Timeline of the research development on MUNC18-1/STXBP1 since the first publication on mice lacking the protein and the discovery that it is essential for neurotransmission in 2000. In 2008, the first patients were identified. Clinically relevant highlights in the Netherlands include the taking place of the first clinic days at the Amsterdam UMC in 2018 where many patient families came together for standardized investigations (see here and here). There are exciting times ahead with many projects in the making (more information on the bottom of this page). Light green lines represent publications on MUNC18-1 by the FGA lab over the years, which amount to more than one paper per year on average.

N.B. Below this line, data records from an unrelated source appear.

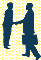
ビジネスマッチング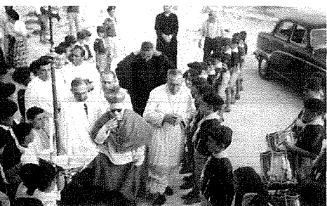
Dakinhar tat-berik tal-Kappella, 25 ta' Lulju 1963.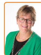
Woudenberg, T. Clossen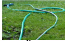
tuyau d'arrosage tuyau d'arrosage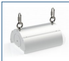
Кронштейн рым-гайки Angar (комплект)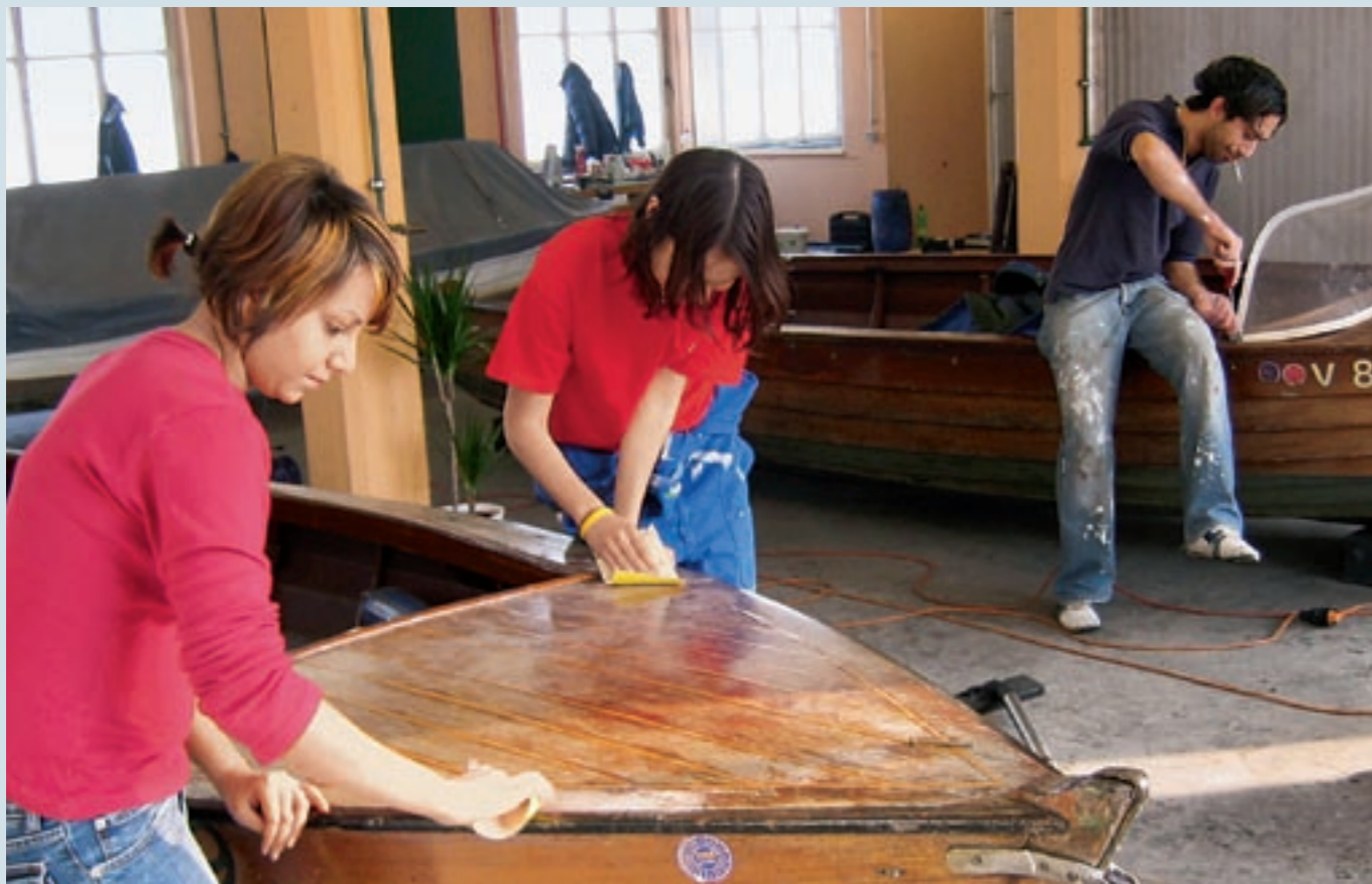
Bei JOB AHOI ! lernen die jungen Menschen mit Schleifgerät und Bohrmaschine umzugehen.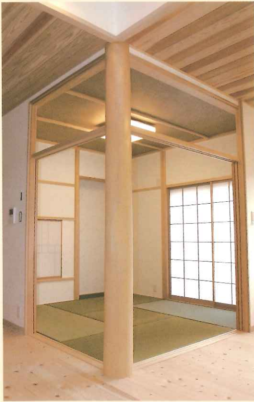
方立柱に北山磨丸太を使用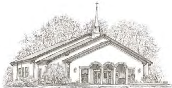
ST. ANTHONY CLARET (SAC)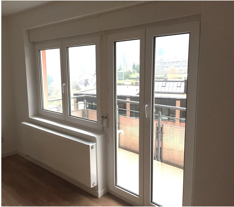
Wohnzimmer - Ausgang Balkon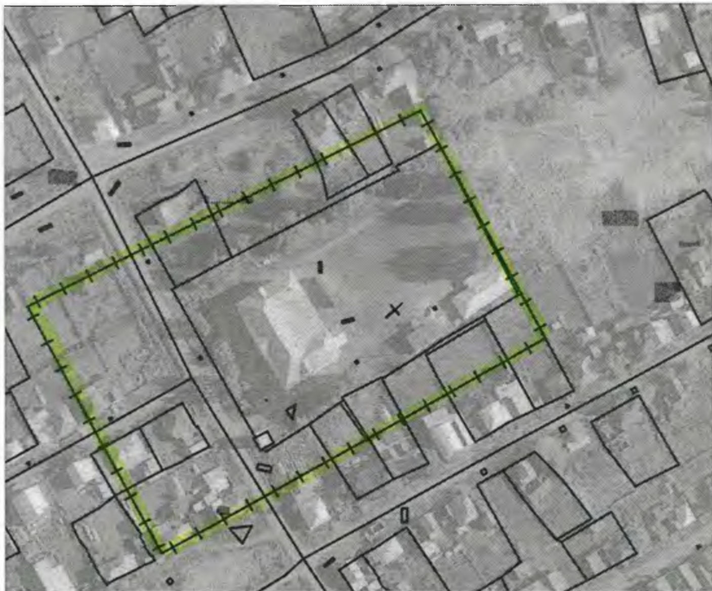
Схема границ прилегающих к объекту, расположенному по адресу: г.Боготол, ул. Урицкого, д. 8А, территорий на которых не допускается розничная продажа алкогольной продукции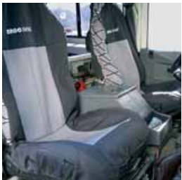
Fundas de asiento delanteras

In September 2021 a Dutch patient family event was organised by researchers and clinicians involved in STXBP1 research at the Vrije Universiteit Amsterdam and the Amsterdam UMC, followed by the international event of the STXBP1 foundation.
Claudia Persoon and Matthijs Verhage developed new preclinical screening assays using functional, mature human neurons and CRISPR-Cas9 technology, to promote identification of promising treatment strategies for brain disorders.
A position paper by Verhage & Sorensen published in Neuron on June 19 proposes to unify syndromes caused by mutations in eight core components of the synaptic secretion machinery, based on common etiology and mechanism.